• Task goal: Look below for the line that contains "Mesa redonda sobre", and write out exactly that line and all remaining lines of the listing, omitting pictures.

• Provided material:
= = = =

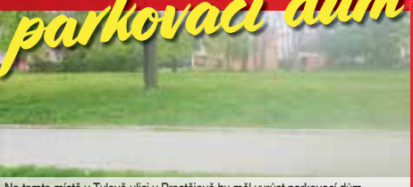
Na tomto místě v Tylové ulici v Prostějově by měl vyrůst parkovací dům.

PROSTĚJOV Nedostatek parkovacích míst trápí všechna prostějovská sídliště. Majitelé aut svádějí den co den bitvu o možnou odstavit svého plechového pomocníka co nejbližší domovním dveřím. V Tylové ulici jim vyroste řešení, které alespoň částečně problém vyřeší. Společnost Garážové domy s.r.o. požádala město o odkup pozemků v Tylové ulici. V sousedství bývalé mateřinky chce postavit parkovací dům.
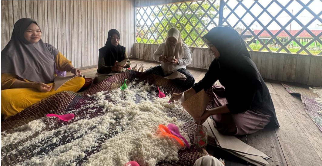
*Dokumentasi Membantu Di Rest Area Desa Harusan Telaga Dalam Rangka Haul Guru Danau Ke-2
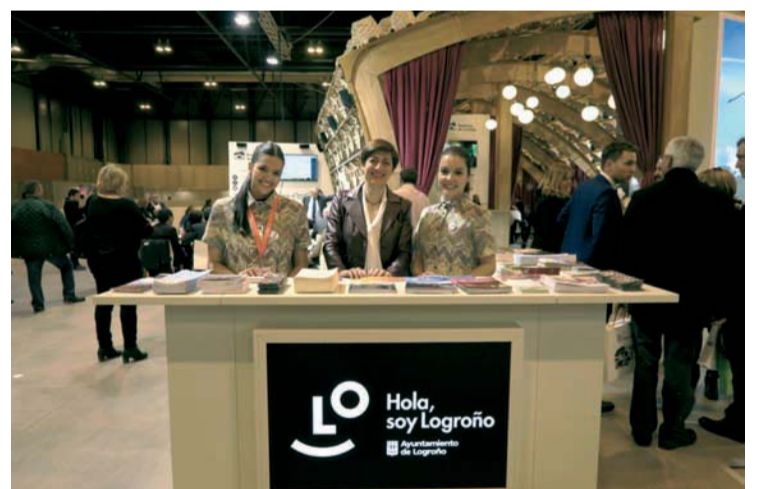
Enoturismo, gastronomía y golf, puntos fuertes de las oficinas de turismo.

Exhibición y cata de productos típicos, así como encuentros profesionales del sector turístico completan la agenda del día.
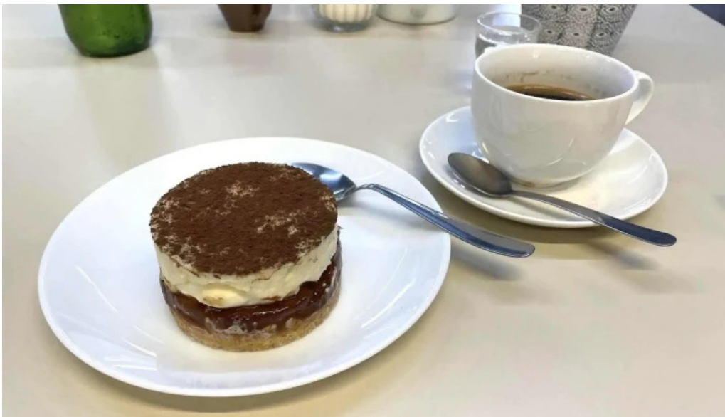
Nativo cafe comidas y bebidas
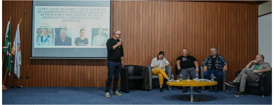
Mesa redonda sobre Cenário atual da gastronomia de Curitiba
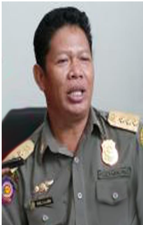
SUEL, S.Ag., M.Sc.

= = = =

• Answer:
Mesa redonda sobre Cenário atual da gastronomia de Curitiba
SUEL, S.Ag., M.Sc.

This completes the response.